I’ve found if someone is going to go quiet for a while and they’re keen they’ll generally let me know.

He might pop up again in a while (you’ve moved up the heirarchy, lucky you!Wink) and then it’s up to you if you engage.

pudding21 · 19/03/2018 11:59

pan I would just leave it see if he gets back in touch, or if you want just drop a hello message. I had a message this morning from a guy who hasn't been in touch for 3 weeks. But then I haven't been in touch with him either, I guess we have both been busy.

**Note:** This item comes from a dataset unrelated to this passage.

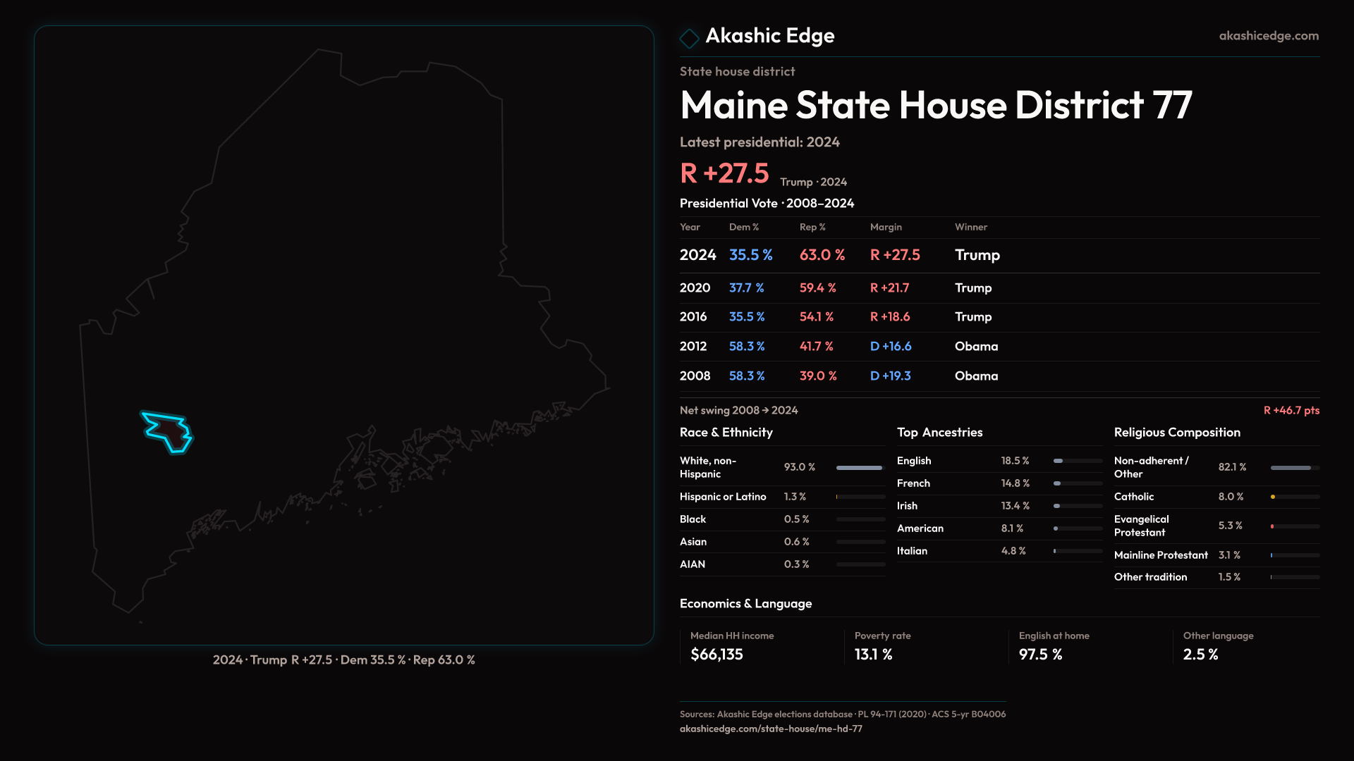 Who lives in Maine State House District 77? 9,178 residents as of the 2020 Census.

Don't stress. What will be, will be.

Skyrabbit · 19/03/2018 12:06

Can't believe the too climax focussed comment - well shot** !!
Runs - I had a stand up row with someone from Texas - he said he would relocate for the love of his life HmmGrinHmmGrinHmm to be honest I was bored, and kept chatting, even though I didn't believe a word of it. He told I was narrow minded because I wouldn't entertain the thought of LTR to Texas Grin
Panetonne I think , sadly, that's really common. It's very annoying, sometimes you think that this one might, just might, turn out to be a little bit normal, and POOF off they disappear. I think it's like Pokemon - Gotta Catch Em All. They just like to get women hooked, and agree to a possible date. They've caught you, so off they go on their merry little twisted way.

I'm not sure I've got any irons at the minute. The offensive tester is still apologising Grin, and I'm chatting to a guy who works for Greenpeace, and is perfect on paper. BUT he's currently working away, and lives a 2 hour drive from me. My gut says it's pointless to keep chatting, but he's so nice Blush I've stopped talking to another iron, purely because he's putting kisses on texts, and calling his kids 'bubs' BlushBlushBlush I'm so shallow ...

Skyrabbit · 19/03/2018 12:07

Bold fail Blush

panetonnebraxton · 19/03/2018 12:10

Thanks everyone. I guess I knew that would be the answer, I just didn't want it to be true! Waah

Skyrabbit · 19/03/2018 12:10

What would have been the correct approach here? Clearly my sarcasm wasn't a winning one 😂

Break Out The Red Flag Bunting, It's Dating Thread 131
Alison100199 · 19/03/2018 12:33

You're well shot sky. I couldn't engage with anyone who said 'how's you'. I like good grammar! Great sarcasm by the way Smile.

Alison100199 · 19/03/2018 12:34

Dear me it was 'how's u'. Even worse!